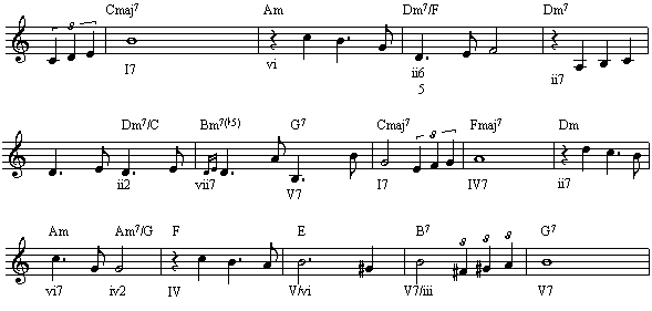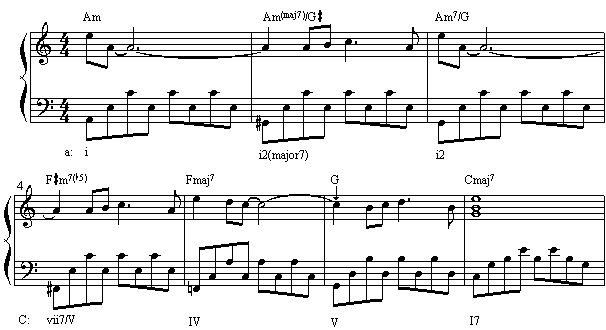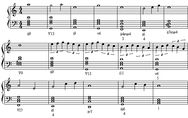 作业:把以前学过的和声公式,用七和弦和九和弦代替原来的三和弦,并即兴演奏。
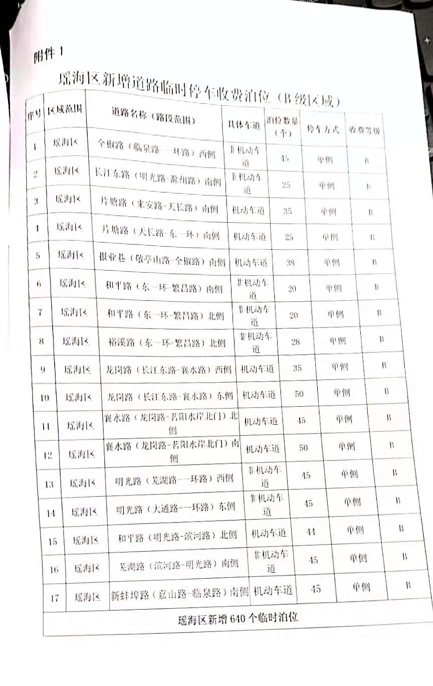 关于审核调整瑶海区道路临时停车泊位收费等级的复函
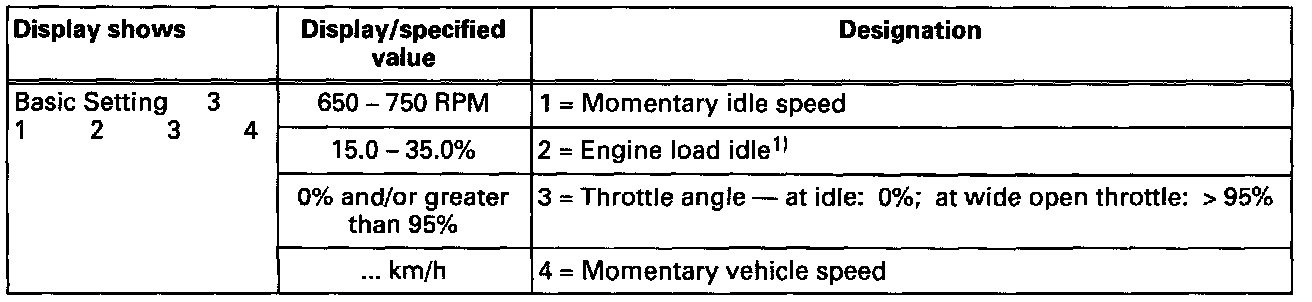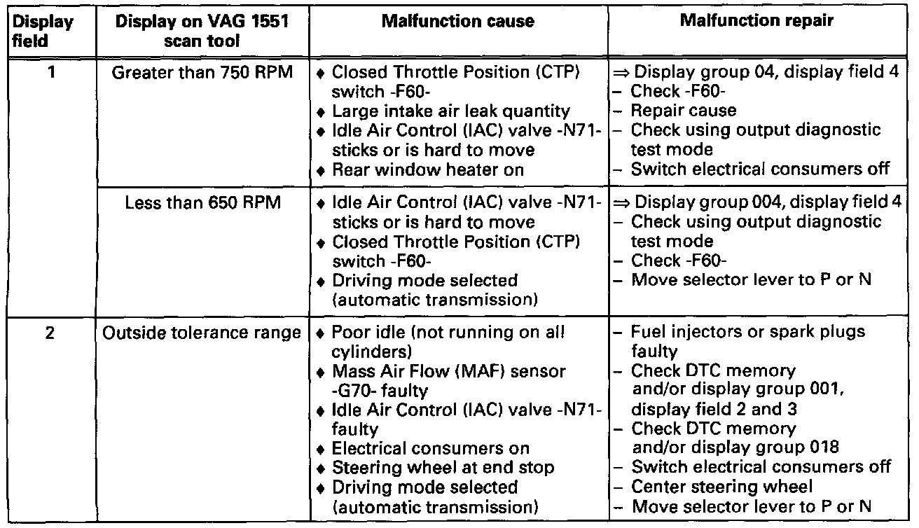Note on display field 1: Idle speed on vehicles without A/C and rear windshield heater switched on: 750-850 RPM.
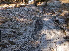| 帰路の城山から高尾山に向かう道は霜柱がすっかり融けどろどろ。滑ってとても歩きにくい。 |
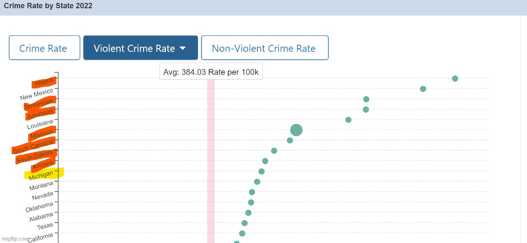 As far as violent crime. They rank 10th, and they actually are the 10th most populous state, so that's pretty proportional. That is also behind 7 Republican states. Why are those 7 republican led states so high?

※ ※ ※

_Work to complete_. Retype the records verbatim, but not their images.

_Answer_.
 作业:把以前学过的和声公式,用七和弦和九和弦代替原来的三和弦,并即兴演奏。
 关于审核调整瑶海区道路临时停车泊位收费等级的复函
Note on display field 1: Idle speed on vehicles without A/C and rear windshield heater switched on: 750-850 RPM.
| 帰路の城山から高尾山に向かう道は霜柱がすっかり融けどろどろ。滑ってとても歩きにくい。 |
 As far as violent crime. They rank 10th, and they actually are the 10th most populous state, so that's pretty proportional. That is also behind 7 Republican states. Why are those 7 republican led states so high?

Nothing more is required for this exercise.